The Perito Moreno Glacier alone is 250 square kilometers, an isolated wilderness of towering ice peaks and deep ravines. And like all glaciers, Perito Moreno exists mostly underwater, with 170 meters of ice extending below the surface. At the leading edge, a 74 meter high wall of ice rises out of the water.
Blue Lake, located in Russia, is what’s known as a karst lake—a lake with no visible stream running to or away from it. That’s because Blue Lake is fed—and drained—by a series of underwater caverns and passages. High levels of hydrogen sulfide give the lake a bright, glowing blue coloring, but that only extends as far as the light reaches.
Because what’s so terrifying is that as far as anybody can tell so far, the lake is bottomless. Although estimates do put the depth at around 250 meters, the underwater stream that feeds the lake still hasn’t been discovered.

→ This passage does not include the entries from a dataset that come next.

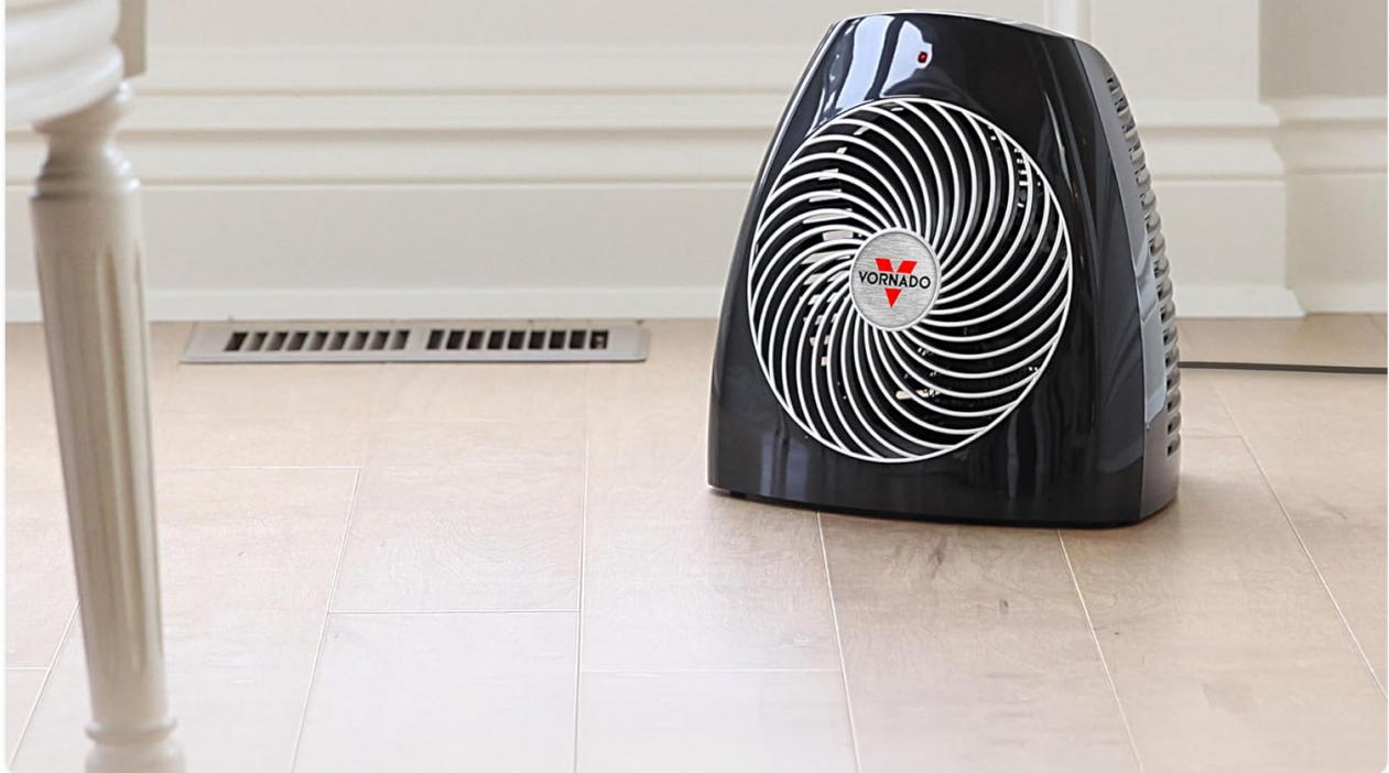
Image: The Vornado MVH (2025) Space Heater on a wooden floor near a white wall, accompanied by icons highlighting its 5-year guarantee, ETL listing, and origin in Kansas, USA since 1945.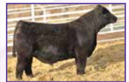
TJ Franchise 451D, AI Sire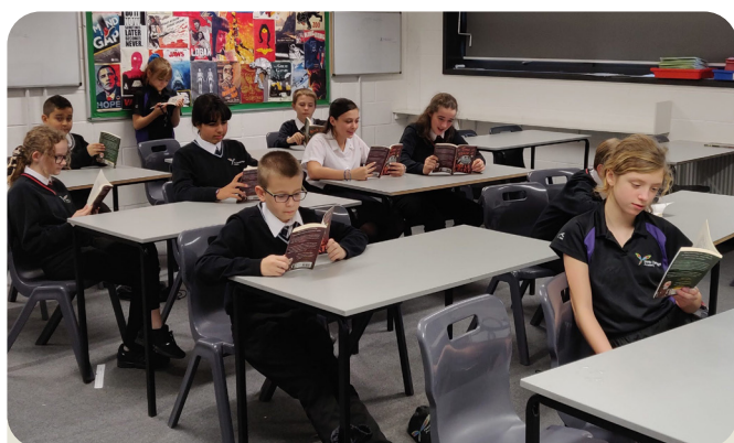
The North Cambridge Academy (part of the Ogden North Cambridge Partnership) runs a science book club for Year 7 and Year 8 students.

CERN showcases a range of careers connected to physics and students can use their experience to inform future education and career choices. Unfortunately, it has not been possible for any partnership trips to CERN to take place this year.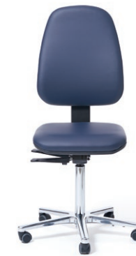
OFFICE CHAIR 54 - 73 cm. Item code 3054600 PREMIUM BS 5-star base polished, backrest adjustable in height and depth with dumping function, without armrest, cover in premium „Navy“ P710, safety castors.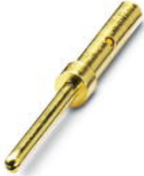
D-SUB crimp contact, connection method: Crimp connection, connection cross section: AWG 28-22, High Density

Please be informed that the data shown in this PDF Document is generated from our Online Catalog. Please find the complete data in the user's documentation. Our General Terms of Use for Downloads are valid ( http://phoenixcontact.com/download )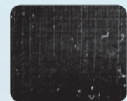
▲ Silky Texture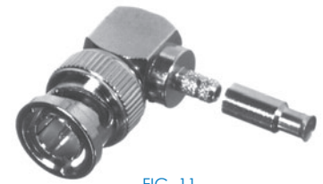
FIG. 11 RFB-1710-S, -S1

PHOTOS FOR REFERENCE ONLY, SHOWN AT 100% ACTUAL SIZE.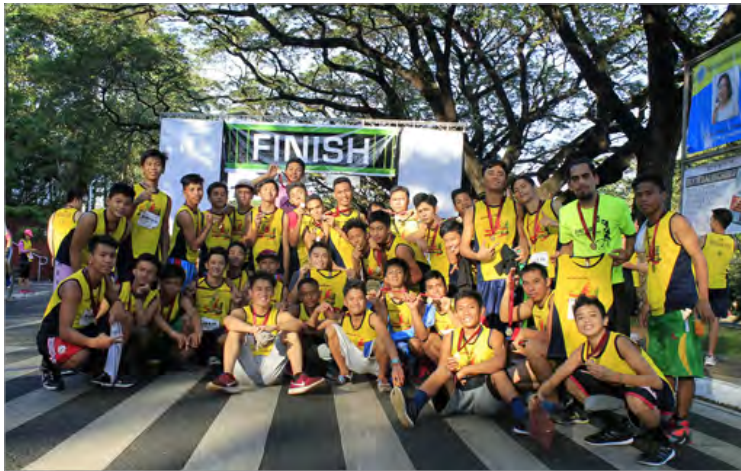
Proud finishers displaying their medals.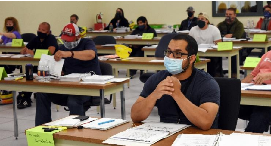
Commissioning technicians in training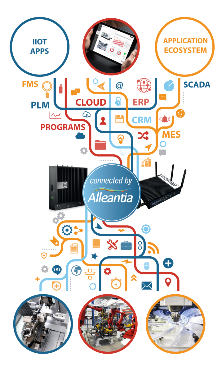
Figure 2. The Alleantia plug-and-play Industry 4.0 solution architecture

Alleantia software utilizes the powerful XPANGO Library of Things, which includes thousands of XPANGO drivers for machines, controllers, inverters, and sensors from many bespoke vendors, plus the free XPANGO driver editor for OEMs and system integrators, creating new drivers for their machines and production systems.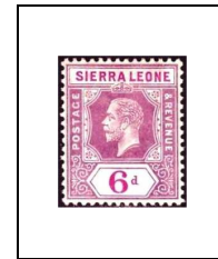
6 p 96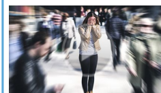
Anxiety Does Not Need To Be A Lifelong Battle.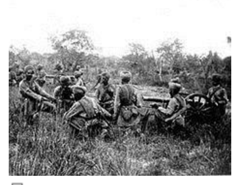
Indian soldiers in 1947 war.

Nehru's foreign policy was the inspiration of the Non-Aligned Movement, of which India was a co-founder. Nehru maintained friendly relations with both the United States and the Soviet Union, and encouraged the People's Republic of China to join the global community of nations. In 1956, when the Suez Canal Company was seized by the Egyptian government, an international conference voted 18-4 to take action against Egypt. India was one of the four backers of Egypt, along with Indonesia, Sri Lanka, and the USSR. India had opposed the partition of Palestine and the 1956 invasion of the Sinai by Israel, Britain and France, but did not citation needed oppose the Chinese direct control over Tibet and the suppression of a prodemocracy movement in Hungary by the Soviet Union. Although Nehru disavowed nuclear ambitions for India, Canada and France aided India in the development of nuclear power stations for electricity. India also negotiated an agreement in 1960 with Pakistan on the just use of the waters of seven rivers shared by the countries. Nehru had visited Pakistan in 1953, but owing to political turmoil in Pakistan, no headway was made on the Kashmir dispute.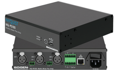
NQ-P0100 Matrix Mixer Pre-Amplifier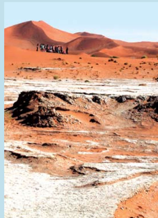
Namibia's Namib Desert Park

Tuesday, March 30 - Thursday, April 1 • LIBREVILLE • From Libreville, Gabon's capital, enjoy a choice of overnight air excursions that will reveal Gabon's biodiversity, one of the richest in West Africa. (B, L, D)

Due to the series of underwater caves—the deepest known system in the world—it’s difficult to tell what actually constitutes the floor of the lake, and researchers believe there’s an even larger cavern beneath the “floor” of the lake.
The Gomantong Caves are a series of caves in Malaysia that make a pleasant home for millions of bats and swiftlets, small birds whose nests have, in times past, been harvested to make birds nest soup.

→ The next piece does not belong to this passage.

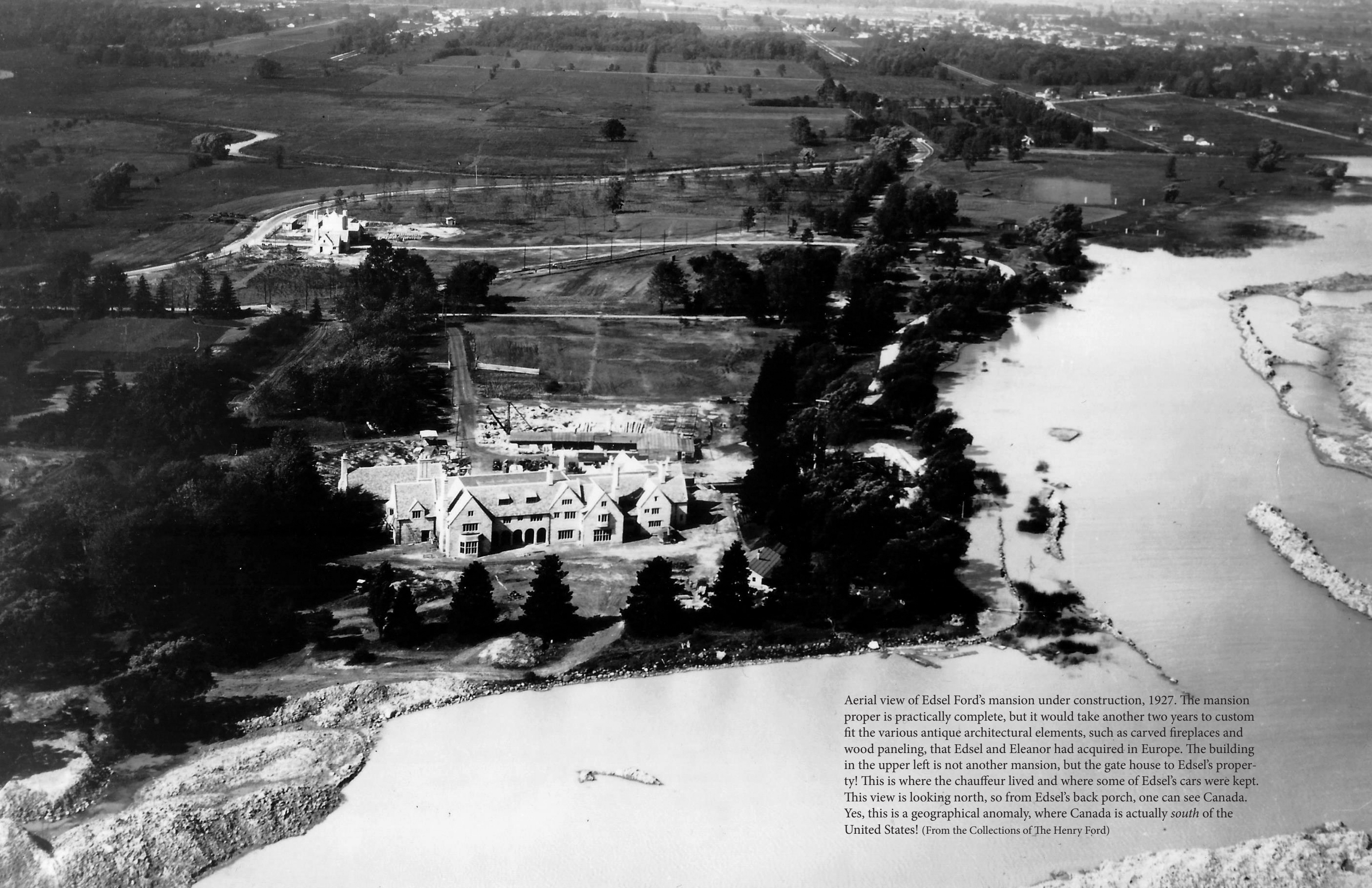
Aerial view of Edsel Ford's mansion under construction, 1927. The mansion proper is practically complete, but it would take another two years to custom fit the various antique architectural elements, such as carved fireplaces and wood paneling, that Edsel and Eleanor had acquired in Europe. The building in the upper left is not another mansion, but the gate house to Edsel's property! This is where the chauffeur lived and where some of Edsel's cars were kept. This view is looking north, so from Edsel's back porch, one can see Canada. Yes, this is a geographical anomaly, where Canada is actually south of the United States!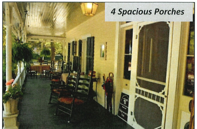
4 Spacious Porches

What makes a pleasant home for bats, however, is sometimes better described as “hell on earth” for everybody else. Let’s go through this one thing at a time: It’s estimated that more than two million bats live in the Gomantong Caves. With that many bats in such a confined area, guano has nowhere to go but down, so the floor of the caves is covered by mountains of bat waste—meters thick.
But in order to get to the guano, you have to dive through another layer—a layer of cockroaches. Millions upon millions of Malaysian cockroaches live in the caves and feed on the bat guano. They carpet the floor and cover the walls. In the midst of the roaches are the occasional rat, white cave crab, and thousands of giant Scutigera centipedes.
One of the most diverse regions in the world, the Madidi National Park covers most of the ground between the Andes Mountains and the Tuichi River in Bolivia. And everything is poisonous. In 1999, photographer Joel Sartore spent a month in the park attempting to capture a few photos of the wild pigs that live in the area.
The first night, Sartore watches a woman pull a fly larvae out of the flesh of her calf, then shrug it off like something that happens all the time. At the end of the first week he gets a flaming rash across his hands and face—from brushing against a moth. One of the guides recounts a time when they stumbled across a pack of wild pigs. They tried to climb into a tree, but the pigs pulled down one man and tore him apart.
Later in the journey, a man spends days in agony as parasitic worms eat through his stomach. Several people, including one guide’s nine month old baby, are infected with a parasitic fungus. Sartore gets a fly maggot in his own hand—botfly larvae, or “boros,” that dig a hole into flesh, then crawl out as a fly once they go through metamorphosis.
And a few weeks after he left the rainforest, Sartore was diagnosed with leishmaniasis, a flesh eating parasite that he contracted from a sand fly bite.